◆ **Data for this exercise**:
═══
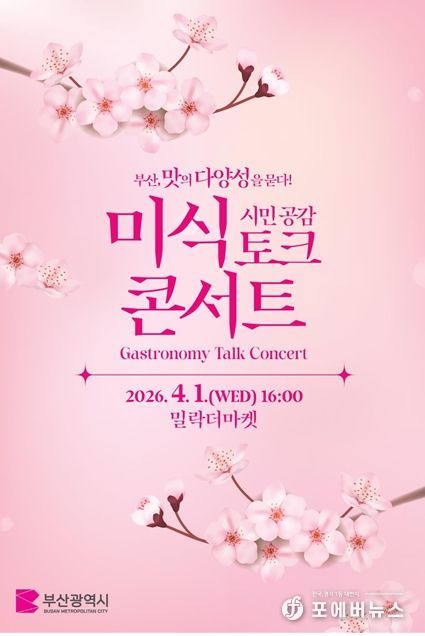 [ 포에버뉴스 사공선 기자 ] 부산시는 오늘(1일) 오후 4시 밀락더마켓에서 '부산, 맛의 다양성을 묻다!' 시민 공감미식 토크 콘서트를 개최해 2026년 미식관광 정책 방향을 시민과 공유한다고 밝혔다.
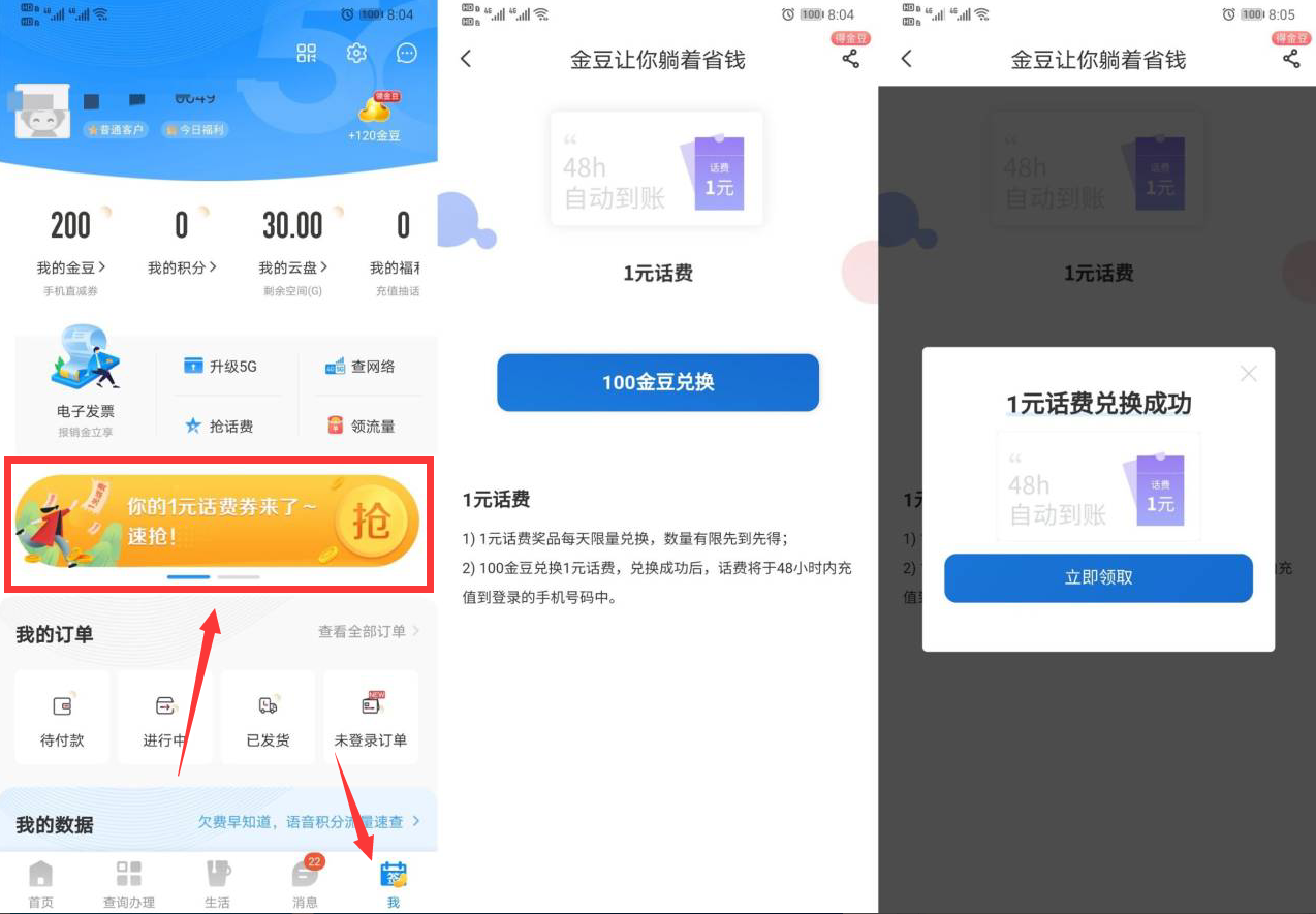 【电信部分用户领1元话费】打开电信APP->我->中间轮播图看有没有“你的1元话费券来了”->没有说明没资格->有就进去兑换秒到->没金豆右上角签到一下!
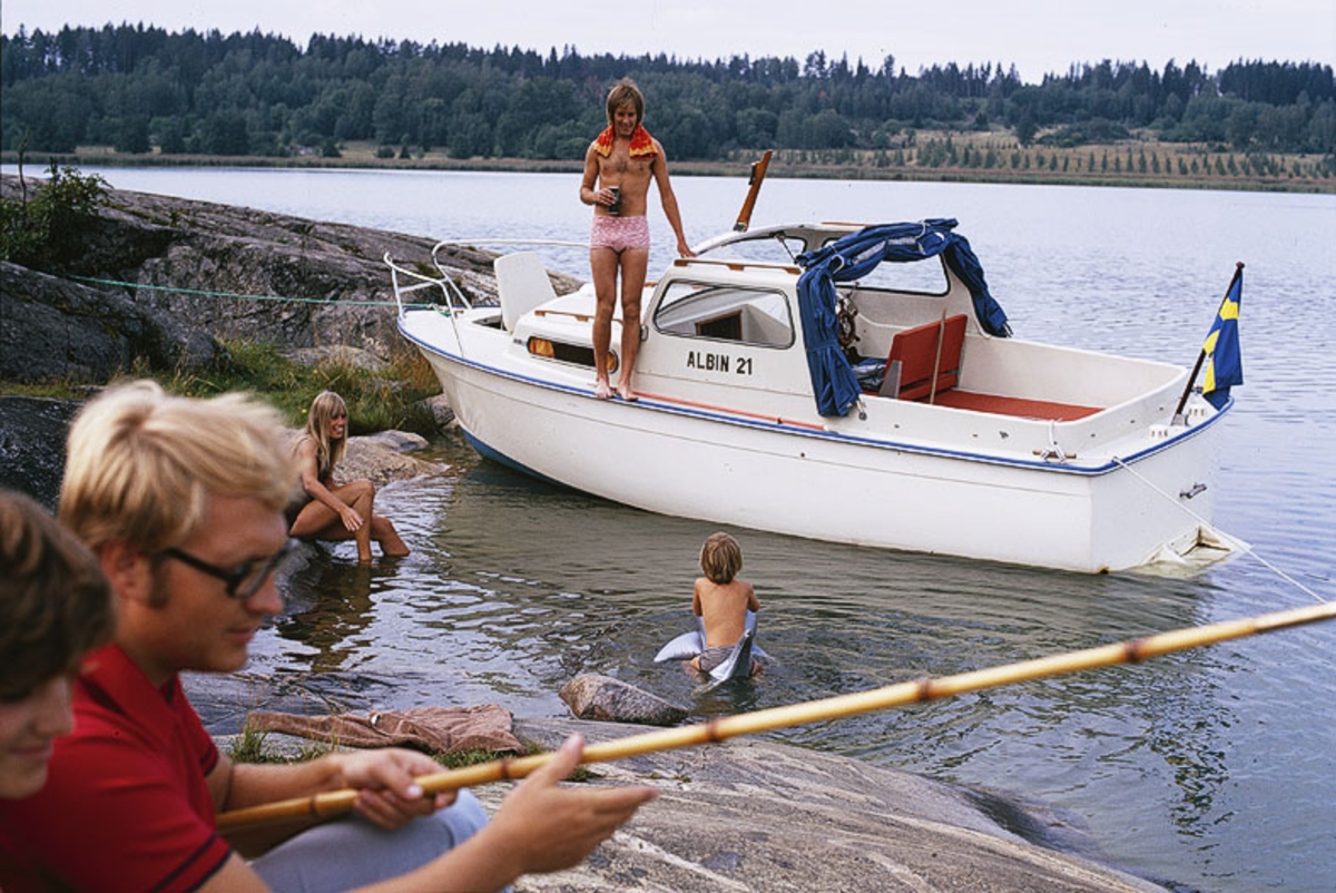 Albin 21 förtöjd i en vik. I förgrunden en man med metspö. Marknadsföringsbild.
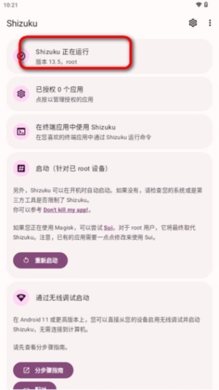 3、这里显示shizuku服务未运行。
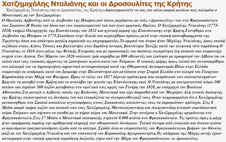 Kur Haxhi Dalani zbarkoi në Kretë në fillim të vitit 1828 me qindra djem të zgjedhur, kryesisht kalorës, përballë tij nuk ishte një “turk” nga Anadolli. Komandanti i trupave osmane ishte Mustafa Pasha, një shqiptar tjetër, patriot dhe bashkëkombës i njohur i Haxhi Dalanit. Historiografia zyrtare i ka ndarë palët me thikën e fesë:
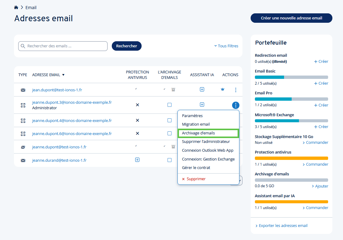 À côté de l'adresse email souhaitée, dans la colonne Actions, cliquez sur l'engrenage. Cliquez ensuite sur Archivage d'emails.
═══
◆ **Task to complete**:
Leave the pictures out. Extract exactly the lines running from the one with "3、这里显示shizuku服务未运行。" through the last entry, both ends included.

◆ **Response box**:
 3、这里显示shizuku服务未运行。
 Kur Haxhi Dalani zbarkoi në Kretë në fillim të vitit 1828 me qindra djem të zgjedhur, kryesisht kalorës, përballë tij nuk ishte një “turk” nga Anadolli. Komandanti i trupave osmane ishte Mustafa Pasha, një shqiptar tjetër, patriot dhe bashkëkombës i njohur i Haxhi Dalanit. Historiografia zyrtare i ka ndarë palët me thikën e fesë:
 À côté de l'adresse email souhaitée, dans la colonne Actions, cliquez sur l'engrenage. Cliquez ensuite sur Archivage d'emails.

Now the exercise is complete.